25 February 2016

A Truly Frivolous Lawsuit

Alabama lawyer Austin Burdick's February 23, 2016 suit filed in a federal district court in Alabama, representing himself pro se, against the five U.S. Supreme Court justices who were in the majority of Obergefell v. Hodges ruling in June of 2015 (which held that same sex marriage bans are unconstitutional) is the epitome of a frivolous lawsuit.

The suit alleges that the justices violated the United States Constitution by incorrectly holding that same sex marriage bans are unconstitutional, and seeks damages in excess of $6 million and additional punitive damages for (1) violations of the 5th Amendment under Bivens, a legal theory that allows individuals to sue government employees who violate their civil rights personally for money damages in certain circumstances, (2) breach of contract or oath, (3) breach of fiduciary duty, and (4) declaratory relief.

What is wrong with it?

Let me list some of the more obvious problems.

1. Judges have absolute immunity from liability for their judicial decision-making.  This is an ancient doctrine, with very few exceptions, that squarely applies in these circumstances.

Ironically, this part of the Complaint is probably the only one that is not sanctionable for violating Rule 11 of the Federal Rules of Civil Procedure related to frivolous lawsuits, because the Complaint acknowledges that absolute judicial immunity bars the suit and makes a (presumably) good faith argument for a change in the law (at paragraphs 27-32).

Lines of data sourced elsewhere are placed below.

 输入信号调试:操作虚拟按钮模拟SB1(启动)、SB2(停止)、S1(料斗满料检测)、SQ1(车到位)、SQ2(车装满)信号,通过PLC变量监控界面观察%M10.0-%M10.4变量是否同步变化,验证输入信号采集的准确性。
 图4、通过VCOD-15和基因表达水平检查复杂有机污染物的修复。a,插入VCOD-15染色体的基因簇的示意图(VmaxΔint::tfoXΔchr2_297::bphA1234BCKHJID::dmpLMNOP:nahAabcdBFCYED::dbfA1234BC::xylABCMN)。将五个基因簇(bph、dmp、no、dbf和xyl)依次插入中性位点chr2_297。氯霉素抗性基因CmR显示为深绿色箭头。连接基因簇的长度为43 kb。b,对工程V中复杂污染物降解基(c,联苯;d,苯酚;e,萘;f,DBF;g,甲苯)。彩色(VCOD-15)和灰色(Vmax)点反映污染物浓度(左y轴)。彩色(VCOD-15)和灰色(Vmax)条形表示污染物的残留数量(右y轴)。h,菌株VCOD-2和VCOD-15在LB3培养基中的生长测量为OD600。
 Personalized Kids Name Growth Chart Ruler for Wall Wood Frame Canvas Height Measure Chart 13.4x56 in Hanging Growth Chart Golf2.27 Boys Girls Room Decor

2. The interpretation of the United States Constitution articulated by a U.S. Supreme Court majority is, by definition, the correct interpretation of the U.S. Constitution that binds all federal district court judges.  So, his allegation that the U.S. Supreme Court majority's ruling violated the United States Constitution is wrong as a matter of law.

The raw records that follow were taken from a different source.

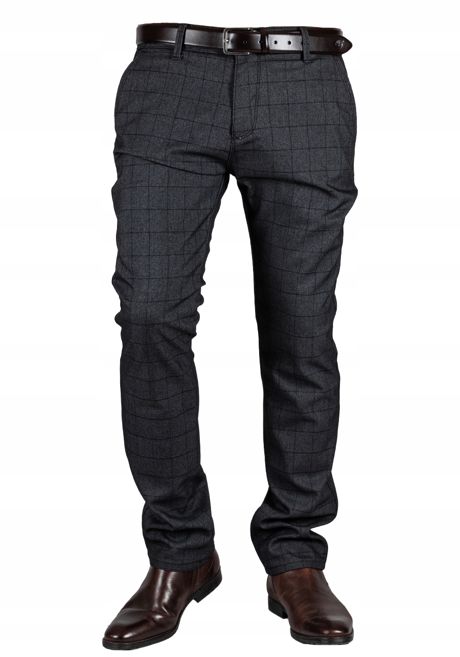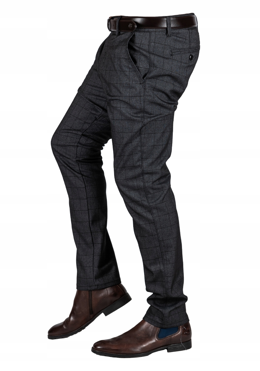 - Черные элегантные чиносы в клетку – брюки из легкого материала классического кроя с добавлением клетчатого рисунка в черных оттенках.
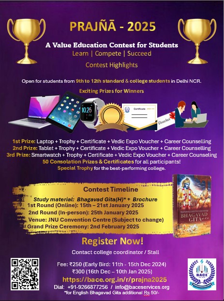 Bhaktivedanta Academy for Culture and Education (BACE) is a non-profit initiative by alumni of prestigious colleges like IIT, NIT and working professionals to help India move a step towards its vision for becoming a developed country by empowering the young generation through comprehensive value education programs. The members of BACE team strive to carry the following core values in their effort to shape the better future of the society.
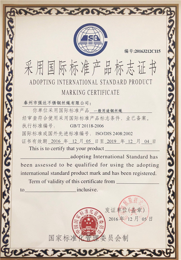泰州市強(qiáng)達(dá)不銹鋼絲繩有限公司位于江蘇興化市戴南經(jīng)濟(jì)開發(fā)區(qū),公司致力于不銹鋼絲繩產(chǎn)品生產(chǎn),立志成為“國(guó)內(nèi)技術(shù)標(biāo)桿型吊索具生產(chǎn)企業(yè)”。以此戰(zhàn)略思想指導(dǎo),公司堅(jiān)決貫徹“質(zhì)量贏市場(chǎng),管理增效益,誠(chéng)信贏天下”的質(zhì)量方針。以完善的服務(wù)在國(guó)內(nèi)不銹鋼絲繩市場(chǎng)樹立良好的品牌形象。公司榮獲“江蘇省質(zhì)量信得過(guò)企業(yè)。     靈活的管理機(jī)制,經(jīng)驗(yàn)豐富的
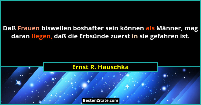 Daß Frauen bisweilen boshafter sein können als Männer, mag daran liegen, daß die Erbsünde zuerst in sie gefahren ist.
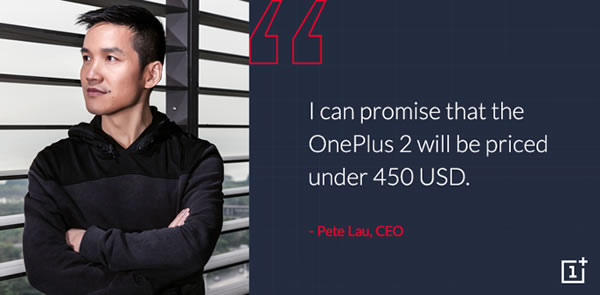 ใกล้เข้ามาแล้วกับกำหนดการเปิดตัวในวันที่ 27 กรกฏาคม 2558 สำหรับ "OnePlus 2" สมาร์ทโฟนดีไซน์พรีเมี่ยม สเปกจัดเต็ม แต่ให้จับจองได้ในราคาที่ถูก โดยคราวนี้ผู้บริหารหนุ่มไฟแรงได้บอกกับสื่อว่า "I can promis that the OnePlus 2 will be priced under $450" นั่นหมายถึงสมาร์ทโฟนรุ่นดังกล่าวจะมีราคาตํ่ากว่าประมาณ 15,200 บาท

3. Put another way, the U.S. District Courts do not have subject matter jurisdiction to review decisions of the U.S. Supreme Court.

4. Austin Burdick has no standing to sue, which is a matter of subject matter jurisdiction, because he cannot show any tangible injury from the fact that same sex couples are allowed to marry.  Similarly, the oath made by the Justices was to the United States of America, not to him personally, as are any fiduciary duties that they owe.

5. Alabama does not have personal jurisdiction over any of the Justices all of whom work exclusively in the District of Columbia and live in its geographic vicinity and were not even ruling on a case involving Alabama parties when they made their Obergefell v. Hodges ruling. Therefore, this is the wrong place in which to sue these Justices on any question.

The lawsuit as a whole is frivolous, not just because he is wrong, but also because he does not address in his Complaint the other problems with his suit, which are obvious and do not have any remotely plausible legal basis, when he has not articulated any good faith basis for arguing that they should be changed.

So, he should really be sanctioned for violating Rule 11 as well as having his suit dismissed with prejudice, and realistically, because his actions are so fundamentally at odds with the conduct of any legitimate attorney, he should forfeit his membership in the federal court bar (if he has one) and perhaps be sanctioned by the state court bar reciprocally as well (something that may not happen in practice with Chief Justice Moore, who is guilty of similar sins, presiding over the Alabama Supreme Court).

The federal judge assigned to his case would be well within his rights to raise these issues sua sponte, without waiting for a lawyer on behalf of the U.S. Supreme Court Justices in question to make these arguments.

Note that the people are not entirely without a remedy when they disagree with a majority of the U.S. Supreme Court regarding an interpretation of the United States Constitution or some other law.

* The United States Constitution can be amended.

* Justices of the United States Supreme Court may be impeached in a proceeding initiated by a majority of the United States House of Representatives, and leading to a conviction by two-thirds of the United States Senate.

* New judges can be appointed by the President and confirmed by the U.S. Senate in the future, and the new panel of U.S. Supreme Court judges that results can overturn prior U.S. Supreme Court precedents.

But, none of the legitimate means by which concern can be raised about a U.S. Supreme Court Justice's decision making can be appropriately raised in a civil action for money damages brought against a U.S. Supreme Court Justice by a random attorney in a random state effected by a ruling which national precedential effect who has no personal interest in the controversy.